WORK TO COMPLETE
For this exercise, copy exactly the lines below from the one with "6月30日下午,南充市召开推" through the one with "パズルができあがったら、同じ" and leave out the pictures.

INFORMATION
= Beginning of Section =
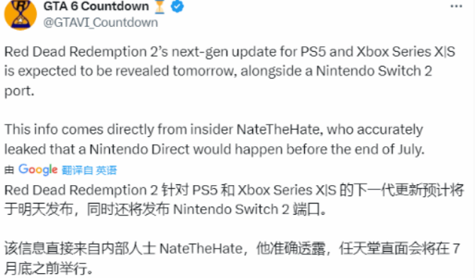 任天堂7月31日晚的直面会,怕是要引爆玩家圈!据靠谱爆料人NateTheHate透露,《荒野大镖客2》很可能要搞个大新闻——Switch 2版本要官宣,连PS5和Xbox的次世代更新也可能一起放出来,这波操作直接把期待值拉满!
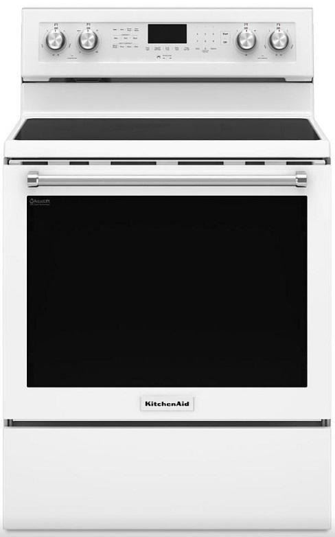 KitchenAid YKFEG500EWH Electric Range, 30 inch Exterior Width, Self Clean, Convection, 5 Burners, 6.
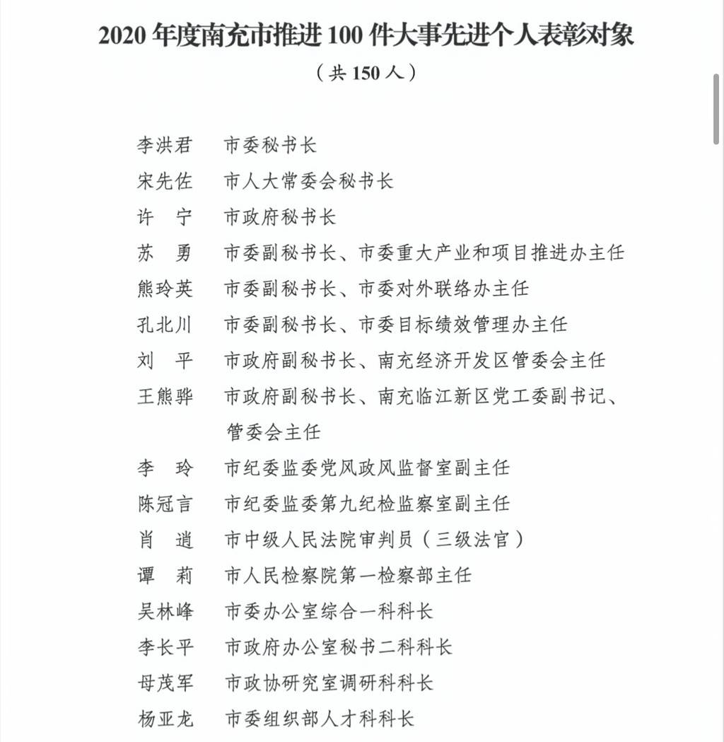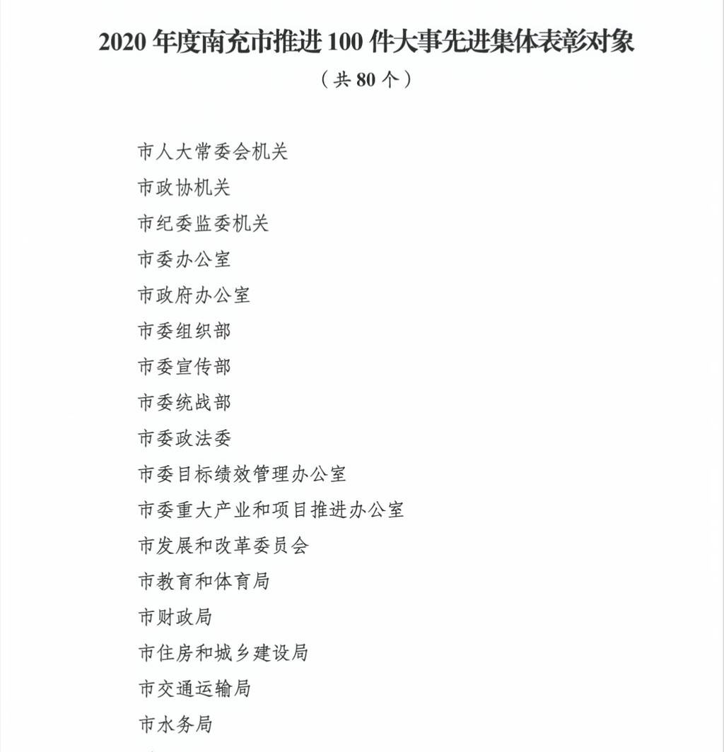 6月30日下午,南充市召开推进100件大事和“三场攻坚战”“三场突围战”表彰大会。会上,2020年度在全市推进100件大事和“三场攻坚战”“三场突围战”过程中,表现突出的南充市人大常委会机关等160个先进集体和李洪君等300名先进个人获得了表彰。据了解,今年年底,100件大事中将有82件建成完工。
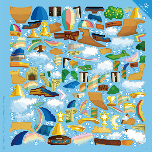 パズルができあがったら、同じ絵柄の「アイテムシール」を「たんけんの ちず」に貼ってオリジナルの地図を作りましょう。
= End of Section =
= Beginning of Section =
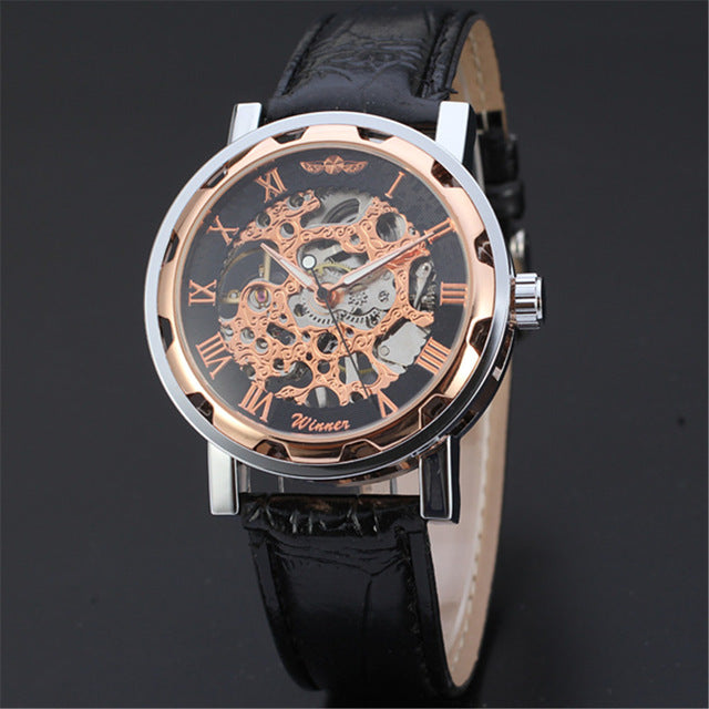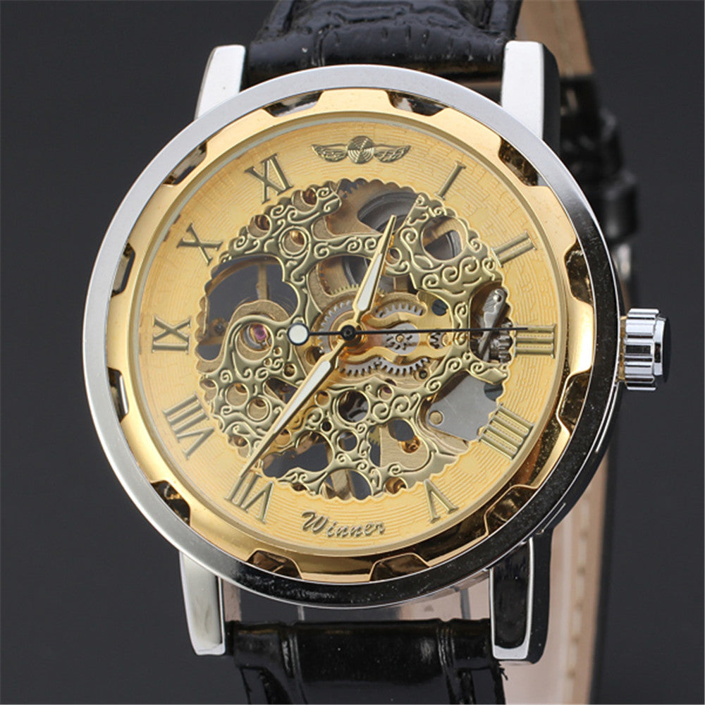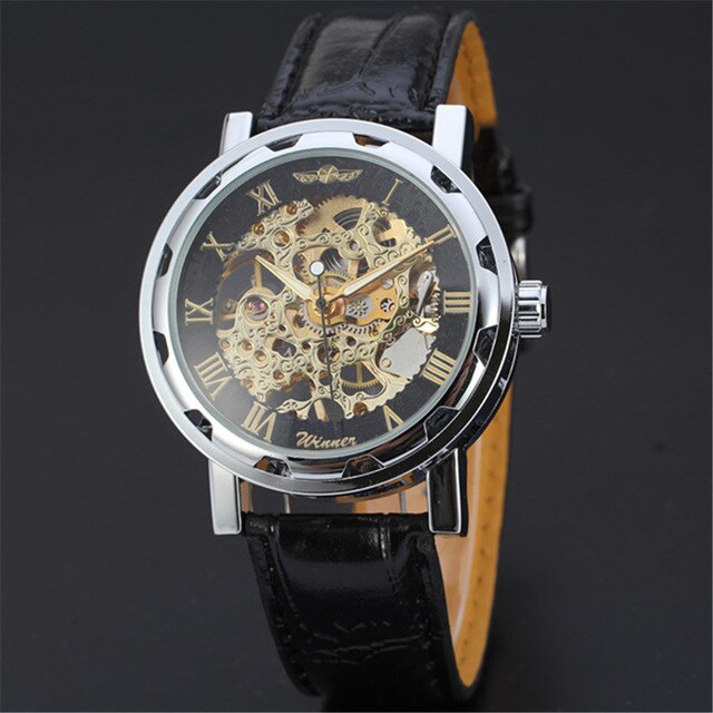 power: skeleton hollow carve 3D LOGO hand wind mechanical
= End of Section =
= Beginning of Section =
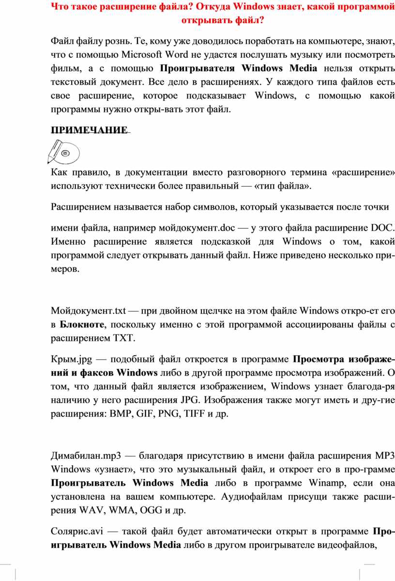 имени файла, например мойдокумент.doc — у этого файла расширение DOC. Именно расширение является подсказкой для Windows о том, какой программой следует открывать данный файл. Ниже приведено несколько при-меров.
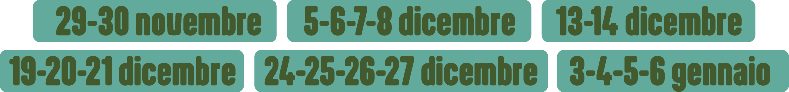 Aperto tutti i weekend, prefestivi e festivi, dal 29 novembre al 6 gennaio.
= End of Section =
RESULT
 6月30日下午,南充市召开推进100件大事和“三场攻坚战”“三场突围战”表彰大会。会上,2020年度在全市推进100件大事和“三场攻坚战”“三场突围战”过程中,表现突出的南充市人大常委会机关等160个先进集体和李洪君等300名先进个人获得了表彰。据了解,今年年底,100件大事中将有82件建成完工。
 パズルができあがったら、同じ絵柄の「アイテムシール」を「たんけんの ちず」に貼ってオリジナルの地図を作りましょう。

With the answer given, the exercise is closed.